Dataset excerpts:
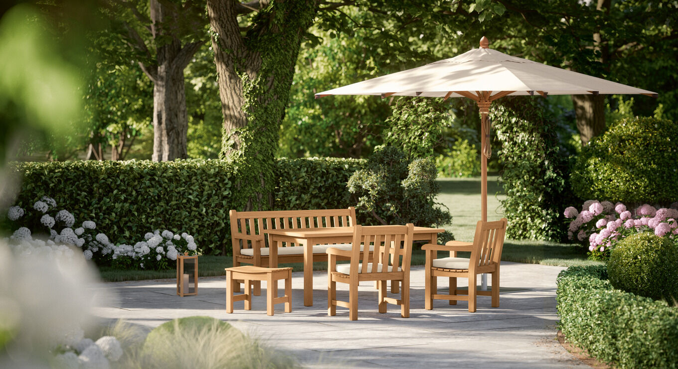 Garpa only uses high-quality teak from sustainable plantations. Teak is one of the most valuable commercial timbers in the world. Teak wood can easily withstand moisture, sunlight, frost, snow and temperature fluctuations. thanks to a core containing rubber. This makes it particularly suitable for long-term use outdoors without any additional surface protection. Our teak furniture is delivered in its natural state, according to the old English tradition, as the majority of customers wish to set up the furniture outdoors without having to do any painting. Over time, the wood acquires a silver-grey patina due to the effects of the weather. Teak is a natural product and therefore always has a different grain. The wood must be pre-dried in order to process it, sometimes giving teak an occasional reddish-brown hue. The UV rays in sunlight, however, make these discolourations disappear again in a few weeks. In year-round outdoor use, teak colourants may be washed out by rainwater and leave stains on other materials. Fine hairline cracks may appear on the surface; This is also a natural phenomenon which does not in any way affect the stability or durability of the furniture.
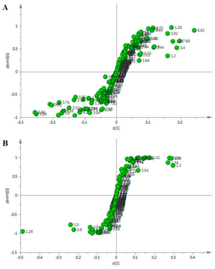 Finally, the S-plot analysis was performed to identify the putative biomarkers. The dots farther from the origin made a greater contribution to the differences between the groups, which could be considered as the potential biomarker (Figure 7).
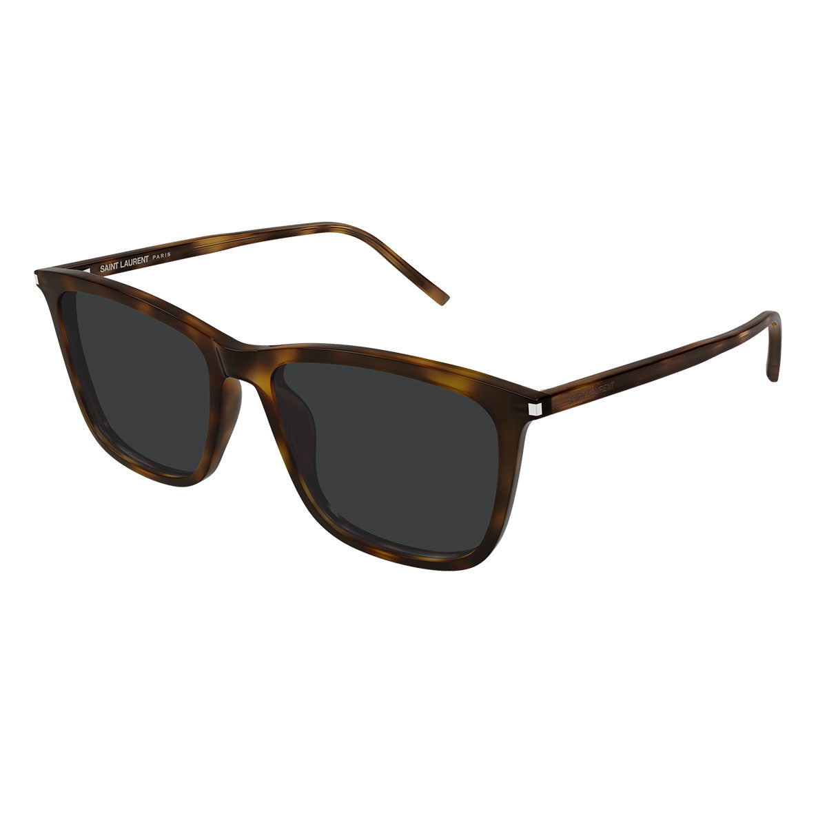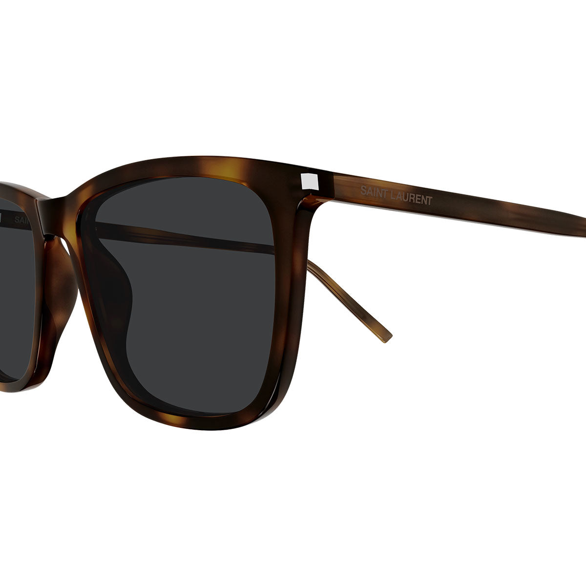 Gli occhiali da sole Saint Laurent SL 851 propongono una montatura da donna squadrata, dal design ampio e morbido con un delicato accenno cat-eye, perfetta per valorizzare lo sguardo con eleganza. Realizzati in acetato sottile, offrono una vestibilità leggera e confortevole. L’iconico corner angle e il logo con scritta Saint Laurent inciso sulle aste completano il modello con dettagli raffinati e immediatamente riconoscibili.
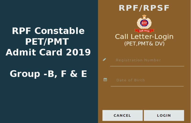 RPF Constable Group E PET/PMT Admit Card 2019
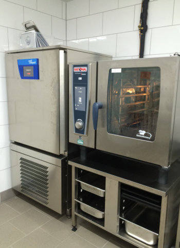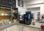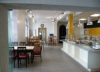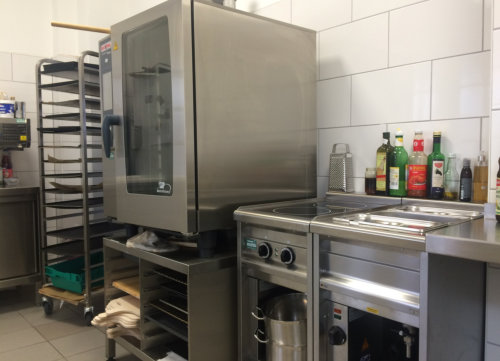 Praktizierte Nachhaltigkeit / Modernisierung mit Rücksicht auf die Historie des 105 Jahre alten Gebäudes Wir haben mehr als zwei Jahre am Umbau des ehemaligen Backshops zu einem Café gearbeitet. Zuerst in den Kellerräumen mit der Schaffung von Lagermöglichkeiten und dem Einbau eines energieeffizienten Tiefkühl- und Kühlhauses, dessen Abwärme aus der Kälteerzeugung direkt wieder in den Heizkreis übernommen wird. Die Damen- und Herren-Toiletten fanden dabei ebenso Platz, wie eine zweite Küche für die Zubereitung der vielfältigen Speisen. Im August 2015 wurden dann die Erdgeschossräume in Angriff genommen und dabei aus dem ehemaligen Lagerraum, der 1912 bei der Eröffnung des Bahnhofs noch der Wartesaal der I. und II. Klasse war, ein gastfreundlicher Raum geschaffen, der dem Stil des Erbauerjahres nachempfunden wurde. Die historischen Stuckdeckenelemente und der Eukalyptusparkett wurden in aufwendiger Kleinarbeit wieder freigelegt und saniert. Um den Ansprüchen an eine moderne Küchentechnik gerecht zu werden, wurde hinter dem Thekenbereich eine Zubereitungsküche eingerichtet, mit einer großen Spülstrasse, Kühl- und Tiefkühlmöglichkeiten, einer Belagstation, einer Saladette, Koch und Warmhaltemöglichkeiten und nicht zuletzt eines modernen Kovektomaten für enegieeffizientes und gleichzeitig vitaminschonendem Kochen, Backen und Grillen. Die Kühlelemente im Thekenbereich werden alle über eine Zentralkühlung versorgt, die das Höchstmaß an Energieeffiziens bietet. Um dem Anspruch auf Nachhaltigkeit gerecht zu werden, sind die Leuchtkörper der Lampen alle mit LED-Technik ausgestattet. Einen großen Teil unseres verbrauchten Stroms erzeugen wir selbst durch ein seit drei jahren betriebenes Blockheizkraftwerk.
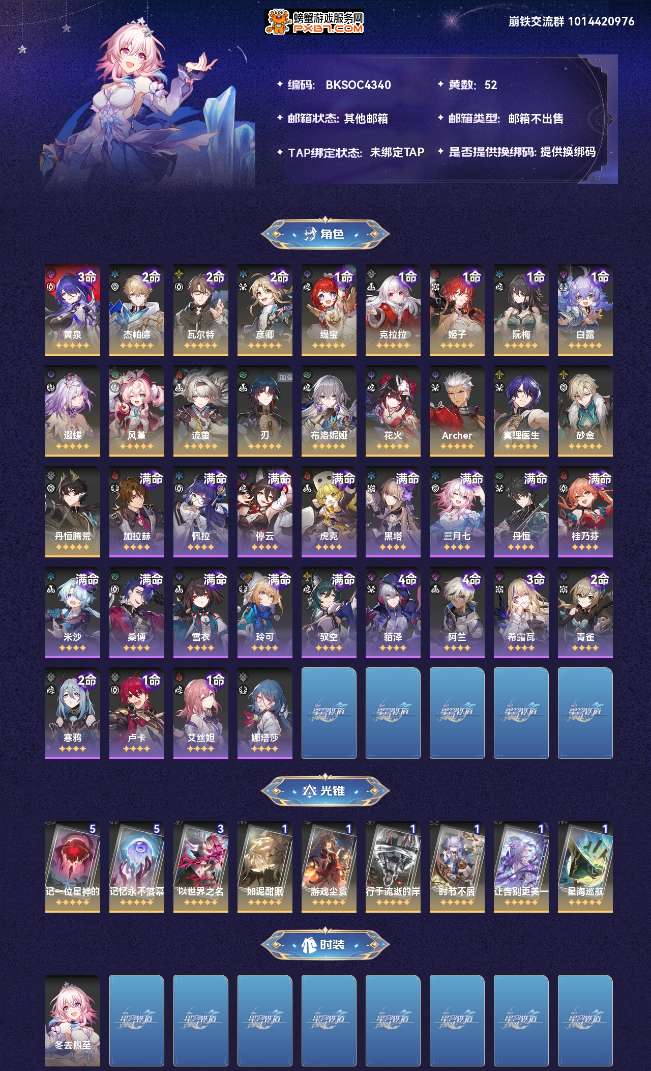 【崩坏·星穹铁道】【lyxq7849】冒险等级:70,男主,五星数量:28,绑定情况:邮箱__五星角色:黄泉 3命|杰帕德 2命|瓦尔特 2命|彦卿 2命|缇宝 1命|克拉拉 1命|姬子 1命|阮·梅 1命|白露 1命|遐蝶|风堇|流萤|刃|布洛妮娅|花火|archer|真理医生|砂金|丹恒·腾荒__五星光锥:记一位星神的陨落 5精|记忆永不落幕 5精|以世界之名 3精|如泥酣眠|游戏尘寰|行于流逝的岸|时节不居|让告别,更美一些|星海巡航,【邮箱不出售】
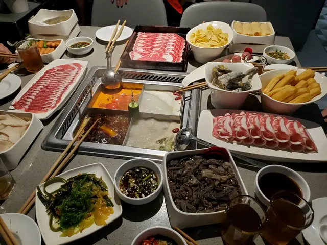 服務員先比個圍裙再拿了保鮮袋,濕紙巾,頭髮橡筋圈給我們用,介紹用ipad點餐,任飲(檸檬茶, 柑桔水,熱豆漿)每位要加$15,自助調味醬料每位$18 (隨你需要)。點了四格海底包括豬骨湯,糊椒湯,蕃茄湯底好夠味,麻辣湯是標準麻再加辣,可能我食得辣,第一啖食落口夠晒辣但唔會即刻上腦標汗口麻的感覺。我哋點了每人任飲,
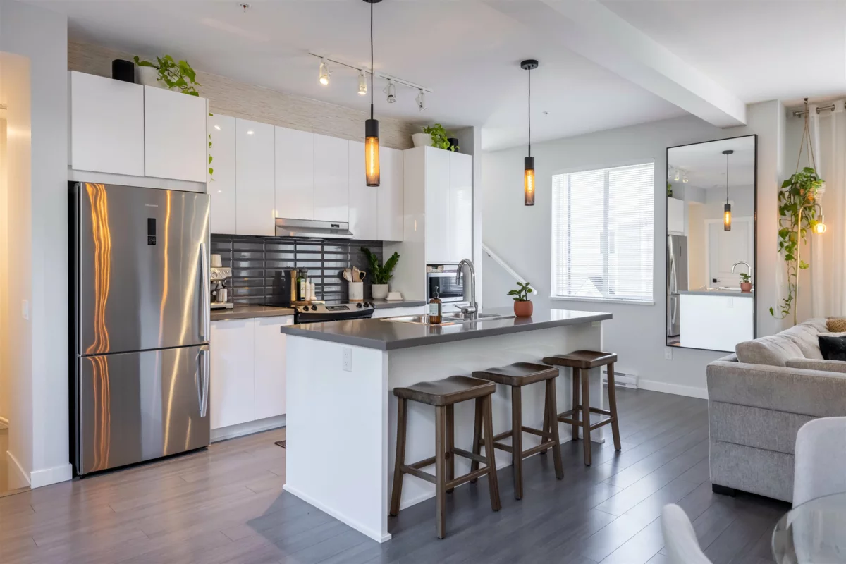 Discover the highly sought-after Ashbury & Oak Townhouse by Polygon in Willoughby Heights. This meticulously planned unit features 2 beds, 2.5 baths, and a kitchen designed for interaction with stainless steel appliances. Enjoy the airy ambiance of the 9' ceilings on the main floor, complemented by a welcoming great room concept. Step outside to an elevated garden space, a unique feature offering a perfect spot for morning coffee. Upstairs, find two well-appointed bedrooms, two baths, and a bright laundry area. Below, a double side-by-side garage awaits. Exceptional clubhouse with amenities including free access to an outdoor pool, Fitness area, indoor playroom, indoor hockey, music room, pet wash station, outdoor playground, party area and outdoor BBQ area. Sat March 2nd 2-4pm OPEN HOUSE
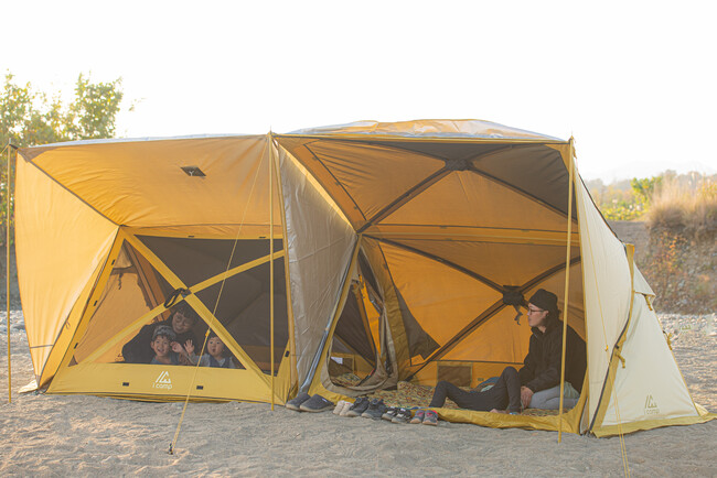 1. 設置も撤収も“超”簡単、徹底的に遊び尽くせる時短設計!今回の応援購入では専用グランドシートも付いたフルセット!
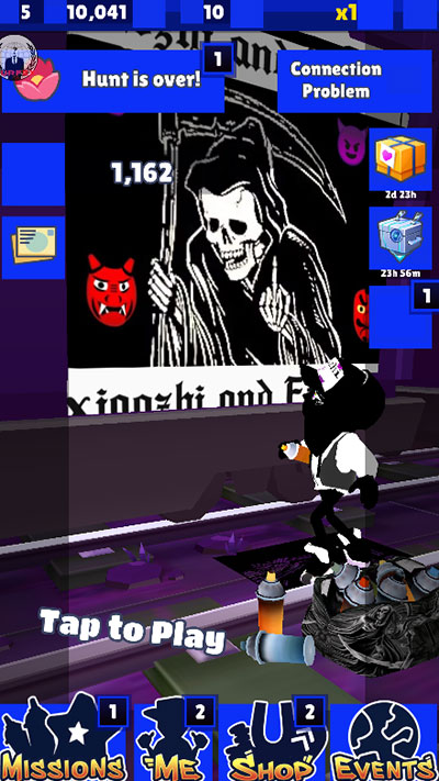 3、游戏中的道具分为主动和拾取的道具,主动道具滑板可以帮助你增加得分,还能保护你,拾取的道具有很多种,每一种都有不同功能。
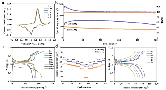 图6.全电池的性能比较。(a)CuPc@Mg||Mo6S8电池CV曲线。(b)CuPc@Mg||Mo6S8和Mg||Mo6S8电池的长循环测试。(c)CuPc@Mg||Mo6S8电池不同循环圈数的容量-电压曲线。(d)倍率性能测试。(e)CuPc@Mg||Mo6S8电池不同倍率下的容量-电压曲线。
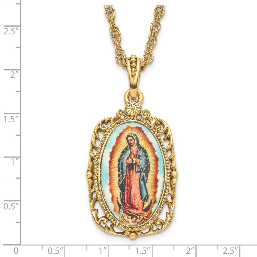 Symbols of Faith Gold-tone Enameled Our Lady of Guadalupe 24 inch Necklace
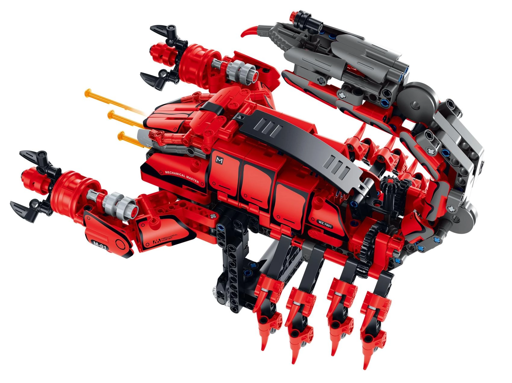 Monta un escorpión rojo que en un instante se transforma en una arma mecánica de muñeca. Gracias al ajuste regulable se lleva con comodidad, el mecanismo de control mueve las garras, pinzas y la cola, incluye elementos lanzadores y articulaciones realistas. Ideal para la educación STEM, el desarrollo de la lógica y de las habilidades de construcción.
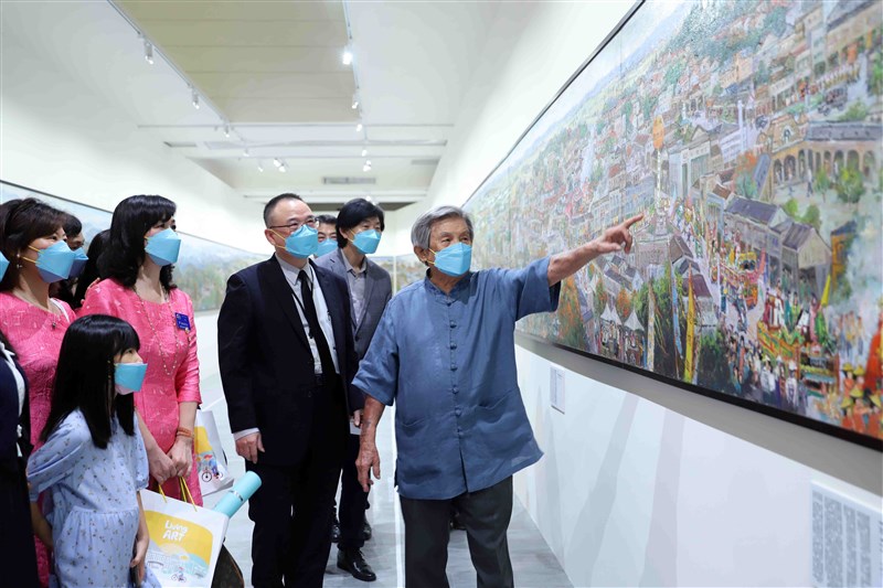 藝術家林智信(右一)今天在開幕式後,為文化部政務次長蕭宗煌(右二)等貴賓導覽作品〈芬芳寶島:憶象1950年代的台灣〉。圖/文化部提供
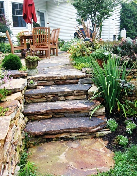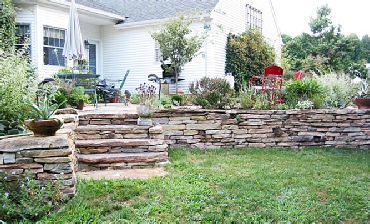 This residence features a stone patio surrounded by attractive plantings. The central tree will grow to provide ample shade during summer.
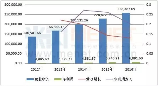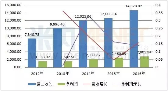 从经营情况来看,2014年起,复星医药的营业收入增速开始放缓,2016年的营业收入超过了146亿元,净利润增速同样放缓,2016年净利润为28亿元。
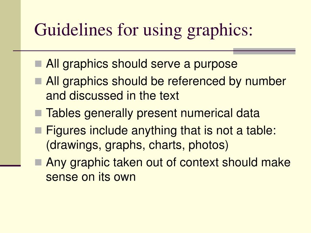 Guidelines for using graphics: • All graphics should serve a purpose • All graphics should be referenced by number and discussed in the text • Tables generally present numerical data • Figures include anything that is not a table: (drawings, graphs, charts, photos) • Any graphic taken out of context should make sense on its own

Aim of the exercise: Above are the entries; write them out again exactly, omitting the pictures.

Expected output:
 Garpa only uses high-quality teak from sustainable plantations. Teak is one of the most valuable commercial timbers in the world. Teak wood can easily withstand moisture, sunlight, frost, snow and temperature fluctuations. thanks to a core containing rubber. This makes it particularly suitable for long-term use outdoors without any additional surface protection. Our teak furniture is delivered in its natural state, according to the old English tradition, as the majority of customers wish to set up the furniture outdoors without having to do any painting. Over time, the wood acquires a silver-grey patina due to the effects of the weather. Teak is a natural product and therefore always has a different grain. The wood must be pre-dried in order to process it, sometimes giving teak an occasional reddish-brown hue. The UV rays in sunlight, however, make these discolourations disappear again in a few weeks. In year-round outdoor use, teak colourants may be washed out by rainwater and leave stains on other materials. Fine hairline cracks may appear on the surface; This is also a natural phenomenon which does not in any way affect the stability or durability of the furniture.
 Finally, the S-plot analysis was performed to identify the putative biomarkers. The dots farther from the origin made a greater contribution to the differences between the groups, which could be considered as the potential biomarker (Figure 7).
 Gli occhiali da sole Saint Laurent SL 851 propongono una montatura da donna squadrata, dal design ampio e morbido con un delicato accenno cat-eye, perfetta per valorizzare lo sguardo con eleganza. Realizzati in acetato sottile, offrono una vestibilità leggera e confortevole. L’iconico corner angle e il logo con scritta Saint Laurent inciso sulle aste completano il modello con dettagli raffinati e immediatamente riconoscibili.
 RPF Constable Group E PET/PMT Admit Card 2019
 Praktizierte Nachhaltigkeit / Modernisierung mit Rücksicht auf die Historie des 105 Jahre alten Gebäudes Wir haben mehr als zwei Jahre am Umbau des ehemaligen Backshops zu einem Café gearbeitet. Zuerst in den Kellerräumen mit der Schaffung von Lagermöglichkeiten und dem Einbau eines energieeffizienten Tiefkühl- und Kühlhauses, dessen Abwärme aus der Kälteerzeugung direkt wieder in den Heizkreis übernommen wird. Die Damen- und Herren-Toiletten fanden dabei ebenso Platz, wie eine zweite Küche für die Zubereitung der vielfältigen Speisen. Im August 2015 wurden dann die Erdgeschossräume in Angriff genommen und dabei aus dem ehemaligen Lagerraum, der 1912 bei der Eröffnung des Bahnhofs noch der Wartesaal der I. und II. Klasse war, ein gastfreundlicher Raum geschaffen, der dem Stil des Erbauerjahres nachempfunden wurde. Die historischen Stuckdeckenelemente und der Eukalyptusparkett wurden in aufwendiger Kleinarbeit wieder freigelegt und saniert. Um den Ansprüchen an eine moderne Küchentechnik gerecht zu werden, wurde hinter dem Thekenbereich eine Zubereitungsküche eingerichtet, mit einer großen Spülstrasse, Kühl- und Tiefkühlmöglichkeiten, einer Belagstation, einer Saladette, Koch und Warmhaltemöglichkeiten und nicht zuletzt eines modernen Kovektomaten für enegieeffizientes und gleichzeitig vitaminschonendem Kochen, Backen und Grillen. Die Kühlelemente im Thekenbereich werden alle über eine Zentralkühlung versorgt, die das Höchstmaß an Energieeffiziens bietet. Um dem Anspruch auf Nachhaltigkeit gerecht zu werden, sind die Leuchtkörper der Lampen alle mit LED-Technik ausgestattet. Einen großen Teil unseres verbrauchten Stroms erzeugen wir selbst durch ein seit drei jahren betriebenes Blockheizkraftwerk.
 【崩坏·星穹铁道】【lyxq7849】冒险等级:70,男主,五星数量:28,绑定情况:邮箱__五星角色:黄泉 3命|杰帕德 2命|瓦尔特 2命|彦卿 2命|缇宝 1命|克拉拉 1命|姬子 1命|阮·梅 1命|白露 1命|遐蝶|风堇|流萤|刃|布洛妮娅|花火|archer|真理医生|砂金|丹恒·腾荒__五星光锥:记一位星神的陨落 5精|记忆永不落幕 5精|以世界之名 3精|如泥酣眠|游戏尘寰|行于流逝的岸|时节不居|让告别,更美一些|星海巡航,【邮箱不出售】
 服務員先比個圍裙再拿了保鮮袋,濕紙巾,頭髮橡筋圈給我們用,介紹用ipad點餐,任飲(檸檬茶, 柑桔水,熱豆漿)每位要加$15,自助調味醬料每位$18 (隨你需要)。點了四格海底包括豬骨湯,糊椒湯,蕃茄湯底好夠味,麻辣湯是標準麻再加辣,可能我食得辣,第一啖食落口夠晒辣但唔會即刻上腦標汗口麻的感覺。我哋點了每人任飲,
 Discover the highly sought-after Ashbury & Oak Townhouse by Polygon in Willoughby Heights. This meticulously planned unit features 2 beds, 2.5 baths, and a kitchen designed for interaction with stainless steel appliances. Enjoy the airy ambiance of the 9' ceilings on the main floor, complemented by a welcoming great room concept. Step outside to an elevated garden space, a unique feature offering a perfect spot for morning coffee. Upstairs, find two well-appointed bedrooms, two baths, and a bright laundry area. Below, a double side-by-side garage awaits. Exceptional clubhouse with amenities including free access to an outdoor pool, Fitness area, indoor playroom, indoor hockey, music room, pet wash station, outdoor playground, party area and outdoor BBQ area. Sat March 2nd 2-4pm OPEN HOUSE
 1. 設置も撤収も“超”簡単、徹底的に遊び尽くせる時短設計!今回の応援購入では専用グランドシートも付いたフルセット!
 3、游戏中的道具分为主动和拾取的道具,主动道具滑板可以帮助你增加得分,还能保护你,拾取的道具有很多种,每一种都有不同功能。
 图6.全电池的性能比较。(a)CuPc@Mg||Mo6S8电池CV曲线。(b)CuPc@Mg||Mo6S8和Mg||Mo6S8电池的长循环测试。(c)CuPc@Mg||Mo6S8电池不同循环圈数的容量-电压曲线。(d)倍率性能测试。(e)CuPc@Mg||Mo6S8电池不同倍率下的容量-电压曲线。
 Symbols of Faith Gold-tone Enameled Our Lady of Guadalupe 24 inch Necklace
 Monta un escorpión rojo que en un instante se transforma en una arma mecánica de muñeca. Gracias al ajuste regulable se lleva con comodidad, el mecanismo de control mueve las garras, pinzas y la cola, incluye elementos lanzadores y articulaciones realistas. Ideal para la educación STEM, el desarrollo de la lógica y de las habilidades de construcción.
 藝術家林智信(右一)今天在開幕式後,為文化部政務次長蕭宗煌(右二)等貴賓導覽作品〈芬芳寶島:憶象1950年代的台灣〉。圖/文化部提供
 This residence features a stone patio surrounded by attractive plantings. The central tree will grow to provide ample shade during summer.
 从经营情况来看,2014年起,复星医药的营业收入增速开始放缓,2016年的营业收入超过了146亿元,净利润增速同样放缓,2016年净利润为28亿元。
 Guidelines for using graphics: • All graphics should serve a purpose • All graphics should be referenced by number and discussed in the text • Tables generally present numerical data • Figures include anything that is not a table: (drawings, graphs, charts, photos) • Any graphic taken out of context should make sense on its own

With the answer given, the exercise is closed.